回到房中,一碗药立刻送上。那碗漆黑的药汁散发着刺鼻苦味,带着若有若无的怪味,顾承宇不禁皱皱鼻子,轻捂住嘴。

这药……这药味道也太重了。

他先前在三溪村为村民煎了那么多贴药,也没有这么……这么刺鼻的药味。

“阿帑,你的身体,到底是什么毛病?”

“只是些从娘胎里落下的病根。”

傅帑垂下眼帘,面不改色地将那碗药一饮而尽,用帕子擦净嘴角。

顾承宇左摸摸右摸摸从怀里拿出一颗梨膏糖,傅帑接过却没吃,只是把少年抱得更紧,亲亲他的脸颊。

“我早习惯了。”

傅帑把顾承宇的手捏在手心,暧昧地捏捏:“卿卿为何要把那疯道士留下,嗯?”

顾承宇一噎:“只是留个心眼,我看他说的话,不似作假。
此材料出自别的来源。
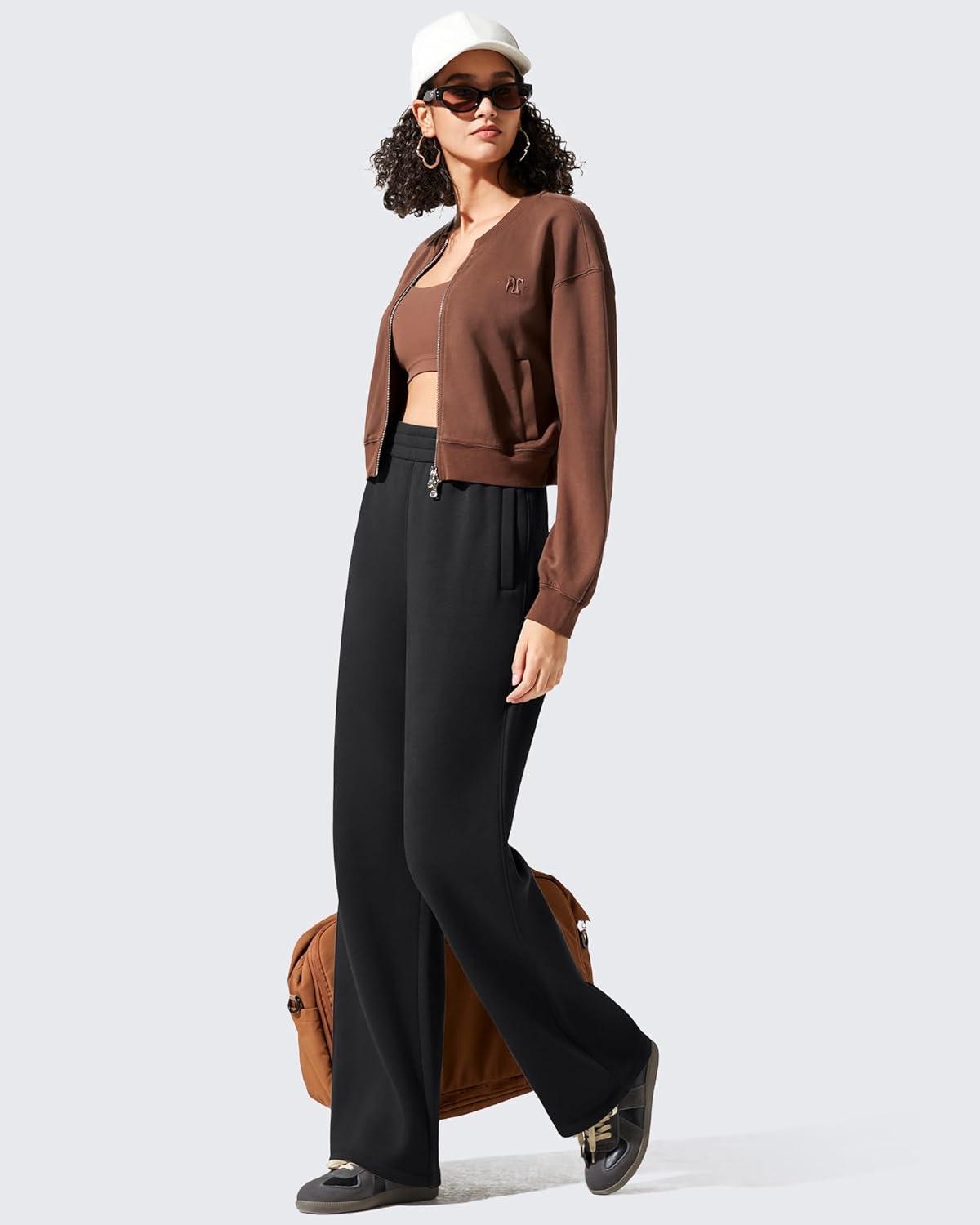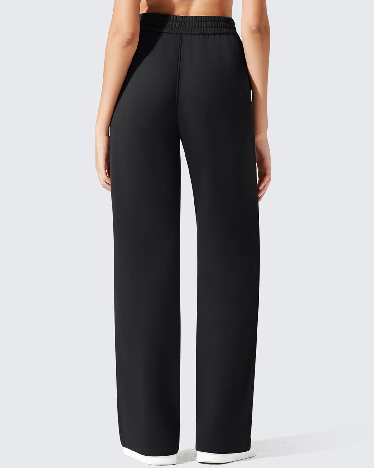 G4Free Flurrylux Womens Fleece Lined Wide Leg Sweatpants Cotton Thermal Warm Lounge Pants Winter Casual(Black)

”

世上是没有鬼的。

顾承宇很清楚。

凡人死后,魂魄会消散于天地之间。

修士死后亦是,只是与凡人不同的是,怨念深重的修士在死后的七天内若能夺取一具新的肉身,便能继续活下去。

这便是夺舍。

鬼神之说,不过是蛊惑人心的幌子。

死了便是死了,身陨道消。

顾承宇因此觉得他和傅思远的重生,真当是千载,不……千万载难逢的幸事,如同日月倒悬,是天道法则中绝不该存在的变数。

暮色渐沉,昏黄光线洒在二人身上,墙上只有一个模糊影子。

顾承宇故意道:“更何况那道士疯疯癫癫的……看着也可怜……不过是多双筷子的事罢了……”

傅帑轻笑:“卿卿心善。”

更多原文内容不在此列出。